DJ Dr. Maitxinha Mar 1, 2023

@fade @ct_bergstrom Exactly

Sheldon Rampton Mar 2, 2023

@ct_bergstrom So to sum up: as the author of a book about human-generated bullshit, you are shocked to discover that computer programs do it too.

l00g33k Mar 2, 2023

@ct_bergstrom I heve a sense that it is treating URL as sentence. When it doesn't find any existing URL that fits, it makes up a reasonable looking one. I've seen for example domain/placename for travel info which is very reasonable but 404.

n0body Mar 1, 2023

@ct_bergstrom Tufte certainly adds a bit of flair

Dr. Darren Abbey Mar 1, 2023

@ct_bergstrom Citing actual papers is a big improvement. The best I got from it was a list of fake papers with some author names appropriate to the subject.
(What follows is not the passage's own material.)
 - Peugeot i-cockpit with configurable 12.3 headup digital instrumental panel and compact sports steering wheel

I played with it soon after it was released, but I didn't save the outputs.

Brian Bales Mar 1, 2023

@ct_bergstrom Have you tried Bing chat? It is based on a newer GPT model and always provides linked references. I do believe that a different layer provides the references after the fact, but it does seem less likely to make up plausible sounding trash.

Anthony DiPierro Mar 1, 2023

@bb @ct_bergstrom Doing it in a separate layer (at least filtering it through a separate layer) seems to be the only sane approach.
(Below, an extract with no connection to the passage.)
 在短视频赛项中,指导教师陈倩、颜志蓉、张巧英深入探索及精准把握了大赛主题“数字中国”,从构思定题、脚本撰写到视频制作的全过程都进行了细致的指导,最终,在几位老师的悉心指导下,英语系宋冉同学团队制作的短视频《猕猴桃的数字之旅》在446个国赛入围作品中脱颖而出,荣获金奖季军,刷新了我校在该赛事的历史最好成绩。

It’d also be the approach that humans (hopefully) use.

Andrei Kucharavy Mar 1, 2023

@ct_bergstrom they might have put a GeDi sampler checking for existence of references. ChatGPT is constantly revised after all.

John Urbanik Mar 1, 2023

@ct_bergstrom Bullshitting here, but perhaps almost all papers on bullshit in research in the training set cite most of these sources (even Wagenmakers has >1k citations). Even stochastic parrots get phrases right sometimes when they hear the same ones over and over.

John Urbanik Mar 1, 2023

@ct_bergstrom More practically... it could be that they now lower a "temperature" parameter specifically after tokens denoting a bibliography (e.g. if the model outputs a line break + "references" or "sources", what follows should be more directly sampled according to the probability distribution found at training time). If the citations are actually *used* in the body of the text appropriately, this wouldn't explain things though

@ct_bergstrom I am rather sad about that because the fake citations were a good way to tell if a student was using it to write their paper.